- Recorded information
────────────────────
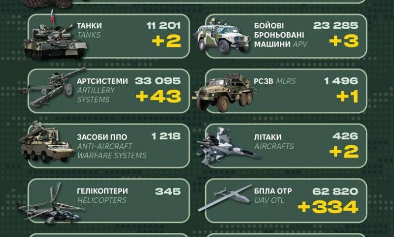 За минулу добу російські окупаційні війська втратили 970 своїх військових, два танки, два літаки та іншу техніку.
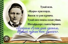 "Тукай иҗаты үлемсез" Бүген , 26 нчы апрель көнне Актүбә 3 нче гомуми урта белем мәктәбендә Габдулла Тукайның тормыш юлы һәм иҗатына багышланган әдәби кичә узды,укучылар шагыйрьнен тормыш юлына күзәтү ясадылар,белемнәрен бәяләделәр.Бнз Тукайлы халык,димәк безнен горуланырлыгыбыз бар.
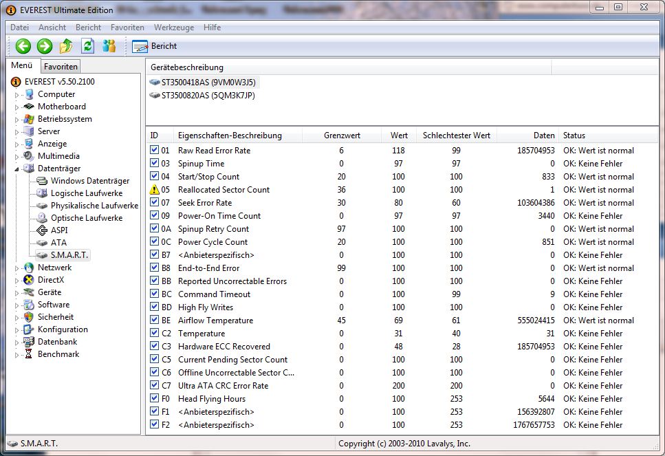 05 Reallocated Sector Count 36 100 100 1 OK: Wert ist normal
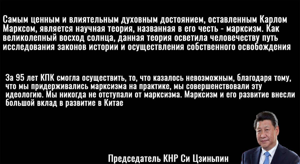 Видимо, таким не очень далёким, с точки зрения «главного начальника», является и председатель КНР Си Цзиньпин, который имеет абсолютно полярное мнение как насчет социализма, так и марксизма. Китайский лидер с большим уважением относится к наследию Маркса, считая, что в изучении этих идей лежит ключ к процветанию его страны.
────────────────────
Exactly the lines from the line that contains "безнен горуланырлыгыбыз бар." through the last line above, and no other lines, must be output, with pictures excluded.

- Answer to this problem
 "Тукай иҗаты үлемсез" Бүген , 26 нчы апрель көнне Актүбә 3 нче гомуми урта белем мәктәбендә Габдулла Тукайның тормыш юлы һәм иҗатына багышланган әдәби кичә узды,укучылар шагыйрьнен тормыш юлына күзәтү ясадылар,белемнәрен бәяләделәр.Бнз Тукайлы халык,димәк безнен горуланырлыгыбыз бар.
 05 Reallocated Sector Count 36 100 100 1 OK: Wert ist normal
 Видимо, таким не очень далёким, с точки зрения «главного начальника», является и председатель КНР Си Цзиньпин, который имеет абсолютно полярное мнение как насчет социализма, так и марксизма. Китайский лидер с большим уважением относится к наследию Маркса, считая, что в изучении этих идей лежит ключ к процветанию его страны.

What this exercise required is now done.